Problem details:
If any record holds an image, omit the image and print the rest exactly.

Records supplied:
################
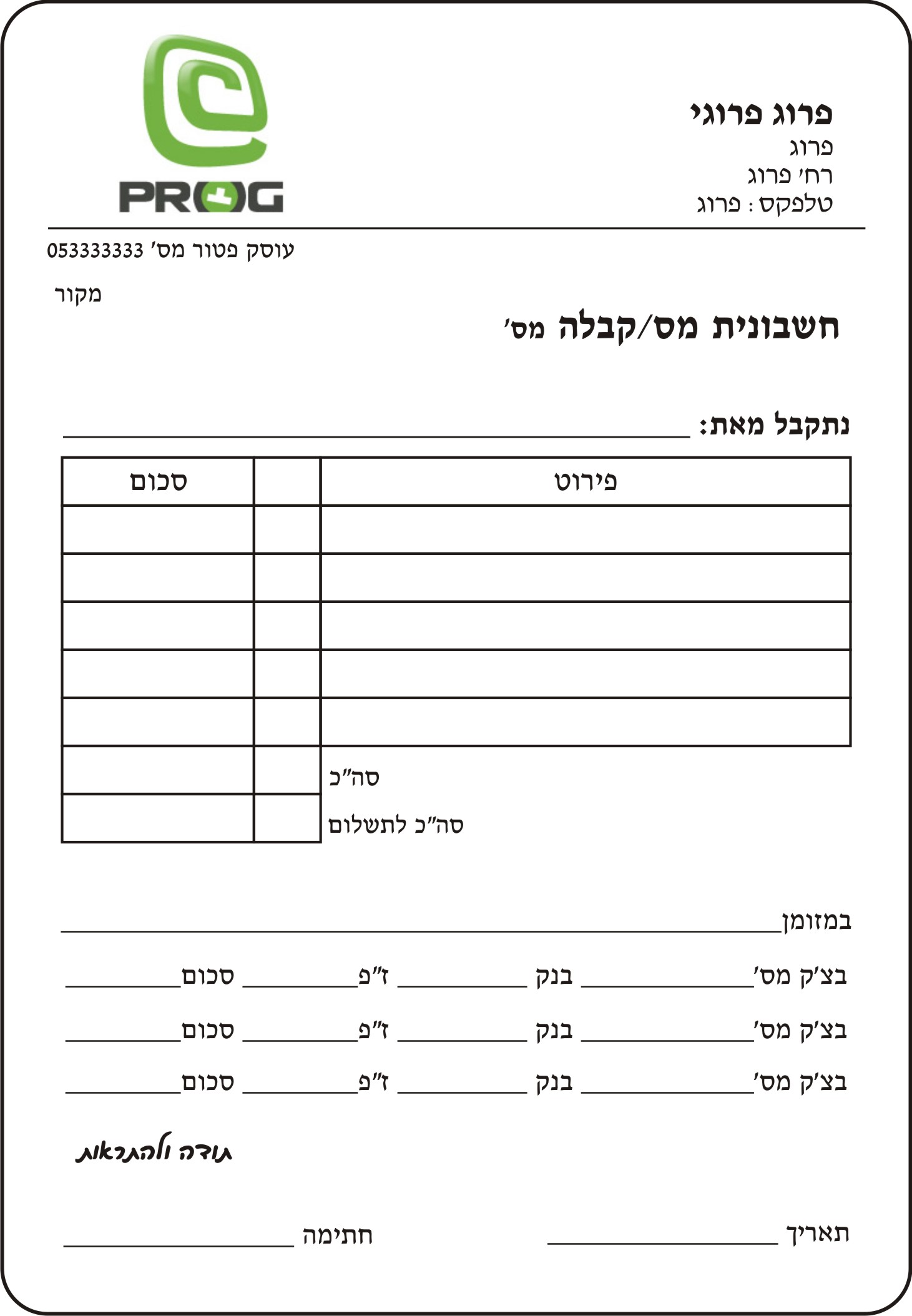 אודה מאוד למי שיוכל להעלות או לשלוח לי דוגמא לקבלה כזאת.
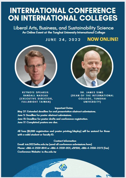 Conference ProgramIn Asia and throughout the world, the emergence of a multicultural and internationally mobile workforce has changed the face of undergraduate education. Universities are witnessing unprecedented demand from students seeking to earn their degrees in a foreign language. Many schools have instituted international colleges that allow students to achieve this goal, while learning side by side with classmates of different nationalities. International colleges are natural distribution hubs for study-abroad programs that enable learners to complete parts of their coursework in other countries. Input from academics, students, and industry professionals is needed to chart the future of international colleges. The Tunghai University International College cordially invites you to participate its second conference on international colleges.
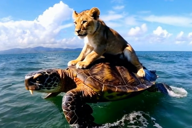 Видео в прикреплении. Генерация по промту lion cub rides on a turtle. Sea, waves, sunny weather
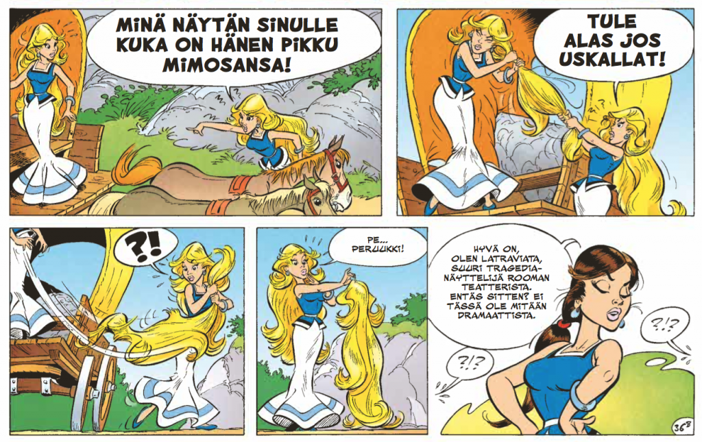 Ja kuten jo varmaan arvasittekin, niin ne sokerit pohjalla ovat Mimosa ja Latraviata. (Kyllä, kirjoittajan logiikassa on nyt puolueellisuutta havaittavissa, sillä päähenkilöiden isät lasketaan yhdeksi syyksi ja nuoret naishahmot saavat tuplasti saman painoarvon.) Uderzo tunnetusti hallitsee viehättävien naishahmojen piirtämisen ja nyt ruututilaa ovat varastamassa fanisuosikki Mimosa kaksoisolentoineen. Isiosastolle on siis tarjolla mukavasti silmänruokaa. Näissä kuvioissa pakollinen kissatappelukin löytyy.
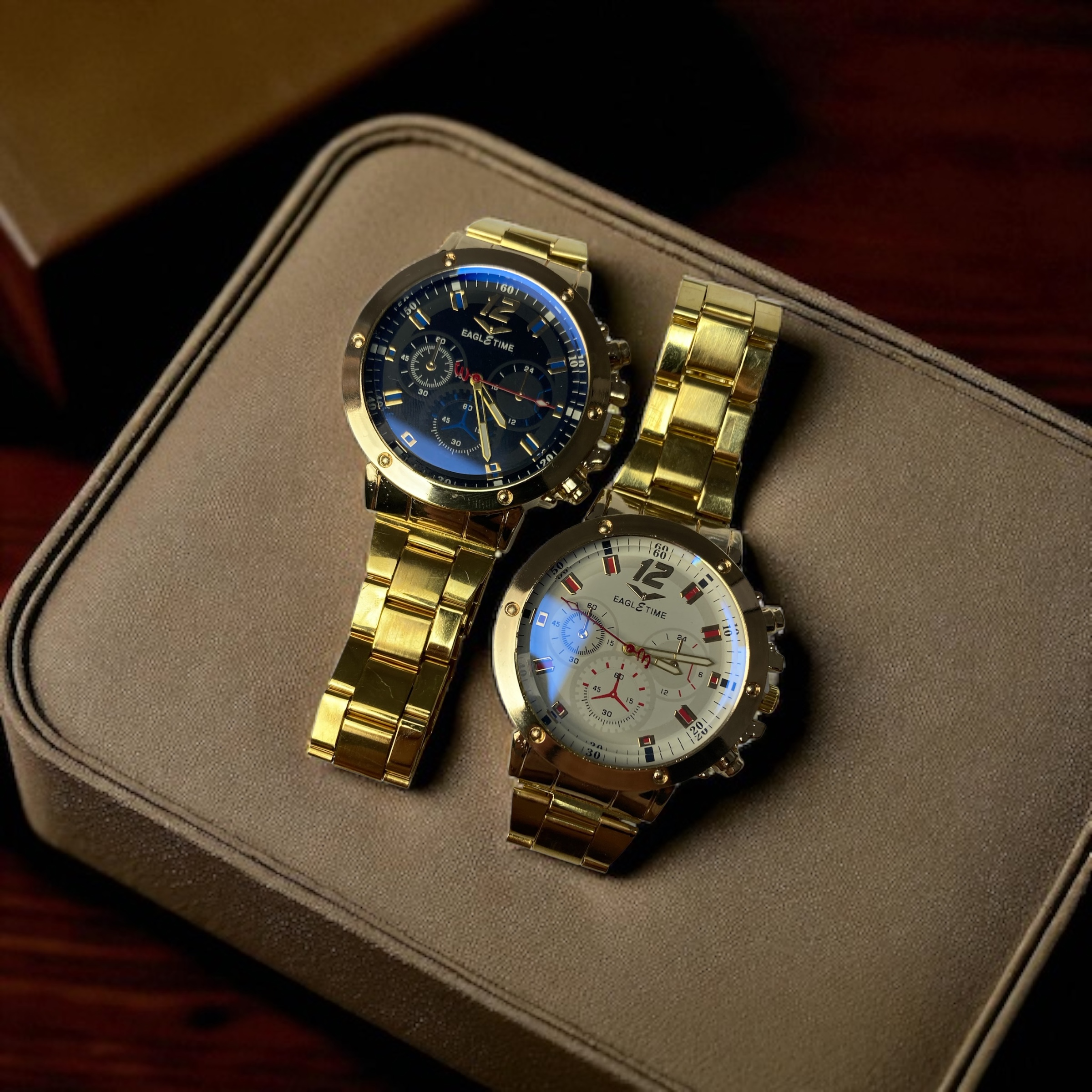 EAGLE TIME در این مدل، از ترکیب ظرافت و قدرت بهره برده است. بدنه و بند طلایی رنگ، حس لوکس و متمایزی ایجاد میکند و در نگاه اول، توجه هر بینندهای را جلب خواهد کرد. این رنگ طلایی در کنار صفحههای مشکی یا سفید، تضادی چشمنواز ایجاد کرده که هم برای محیطهای رسمی و هم برای استایل روزانه مناسب است.
################
Answer:
 אודה מאוד למי שיוכל להעלות או לשלוח לי דוגמא לקבלה כזאת.
 Conference ProgramIn Asia and throughout the world, the emergence of a multicultural and internationally mobile workforce has changed the face of undergraduate education. Universities are witnessing unprecedented demand from students seeking to earn their degrees in a foreign language. Many schools have instituted international colleges that allow students to achieve this goal, while learning side by side with classmates of different nationalities. International colleges are natural distribution hubs for study-abroad programs that enable learners to complete parts of their coursework in other countries. Input from academics, students, and industry professionals is needed to chart the future of international colleges. The Tunghai University International College cordially invites you to participate its second conference on international colleges.
 Видео в прикреплении. Генерация по промту lion cub rides on a turtle. Sea, waves, sunny weather
 Ja kuten jo varmaan arvasittekin, niin ne sokerit pohjalla ovat Mimosa ja Latraviata. (Kyllä, kirjoittajan logiikassa on nyt puolueellisuutta havaittavissa, sillä päähenkilöiden isät lasketaan yhdeksi syyksi ja nuoret naishahmot saavat tuplasti saman painoarvon.) Uderzo tunnetusti hallitsee viehättävien naishahmojen piirtämisen ja nyt ruututilaa ovat varastamassa fanisuosikki Mimosa kaksoisolentoineen. Isiosastolle on siis tarjolla mukavasti silmänruokaa. Näissä kuvioissa pakollinen kissatappelukin löytyy.
 EAGLE TIME در این مدل، از ترکیب ظرافت و قدرت بهره برده است. بدنه و بند طلایی رنگ، حس لوکس و متمایزی ایجاد میکند و در نگاه اول، توجه هر بینندهای را جلب خواهد کرد. این رنگ طلایی در کنار صفحههای مشکی یا سفید، تضادی چشمنواز ایجاد کرده که هم برای محیطهای رسمی و هم برای استایل روزانه مناسب است.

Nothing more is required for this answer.